Bloom filter solves cache breakdown problem

Posted by yzerman on Wed, 15 Dec 2021 03:23:31 +0100

Cache penetration problem?

Cache penetration: it is specified to use some nonexistent key s for a large number of queries on Redis, resulting in failure to hit. Each request will be sent to the persistence layer for query, resulting in great pressure on the database.

What are the solutions?

  • Implement flow restriction on our service interface, user authorization, blacklist and whitelist interception
  • If you can't find the results from both the cache and the database, cache the database null results in Redis: set the validity period of 30s to avoid attacking the database with the same id, but if the hacker really wants to mess with you, the id randomly generated by motar must be different
  • Bloom filter

This is mainly about bloom filter

Bloom Filter was proposed by bloom in 1970. It is actually a long binary vector and a series of random mapping functions. Bloom Filter can be used to retrieve whether an element is in a set. Its advantage is that its spatial efficiency and query time are much better than general algorithms, but its disadvantage is that it has a certain false recognition rate and deletion difficulty.

The most intuitive function of Bloom filter: it is applicable to efficiently judge whether an element exists in the set, but there may be misjudgment. The misjudgment here refers to that the data that may not exist is judged by Bloom filter to exist in the set, but this situation almost only exists in the probability, that is, it is very low.

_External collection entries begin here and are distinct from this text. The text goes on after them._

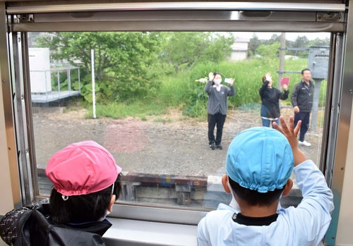 [写真/保護者の登場に園児たちも驚いた(落石駅) ]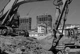 An Excavator and a Cat bulldozer in a construction area with buildings at Istanbul, Kadikoy, Fikirtepe. Fikirtepe District is a reconstruction area at Istanbul.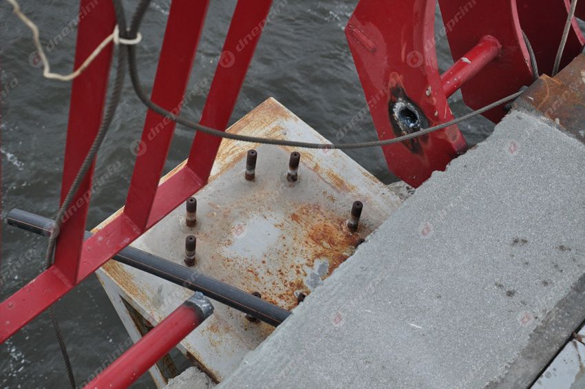 Кроме того, остальные балки "готовой" половины моста "лечат" не только с помощью навесных конструкций, свисающих с пешеходной части моста. Также нами была замечена 1 конструкция со строительными лесами, плавающая на воде.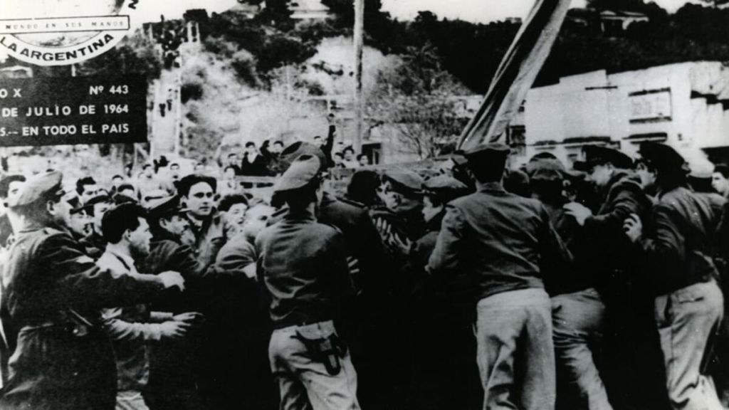 Aun así, Solanas entiende que, incluso con estas convincentes comparaciones históricas y globales, la mayoría de la gente quiere encontrar una forma legal y pacífica de ganar. A los espectadores indecisos, les ofrece la provocación: ¿y si ya se ha ejercido la violencia legal sobre el pueblo argentino? El bombardeo por parte de la Marina a la Plaza de Mayo, en junio de 1955, no sólo logró su objetivo de forzar la salida de Perón, sino que mató a 300 civiles en el camino. Más tarde, su ideología fue prohibida y los hombres que lo defendieron a él y a su constitución legal fueron ejecutados sumariamente sin juicio. Cuando Arturo Frondizi ganó la presidencia con el apoyo de Perón, no consiguió ningún cambio sostenible e incluso fue forzado a bloquear la elección del líder sindical Andrés Framini para la gobernación de Buenos Aires ante la presión militar.

If you encounter namo, congratulations on winning the prize, The bottom structure of Bloom filter is shown as follows:

Here is an explanation:
When we store the data in the bloom filter, it will randomly generate three hash values from the key and store them in the vector array, and then change the binary value 0 originally stored in the array to 1. When we query the elements in the bloom filter,, It will calculate the hash value and its corresponding stored binary array position through some algorithm according to the key we passed in. At this time, it will check whether the binary number is 0 or 1 according to the position of the corresponding element in the corresponding binary array, so as to judge whether this element exists in the bloom filter.

Blum filter may be misjudged:
Because the bottom layer of the bloom filter is an array after all, and the length of the array is limited after all, it will calculate its hash value and its corresponding storage location through some algorithm according to the value of the key we pass in. However, the value of this location may be 0 or 1, so it may conflict with the element hash stored in the bloom filter, both of which are 1, This leads to the fact that there is no such element in the original filter, but the hash value calculated by him is 1. He mistakenly thinks that there is such an element

How to solve the hash conflict?
In fact, we only need to lengthen the length of the bottom array of Bloom filter, but everything has advantages and disadvantages, which will obviously lead to more memory occupied, because the array needs a series of continuous memory space in memory.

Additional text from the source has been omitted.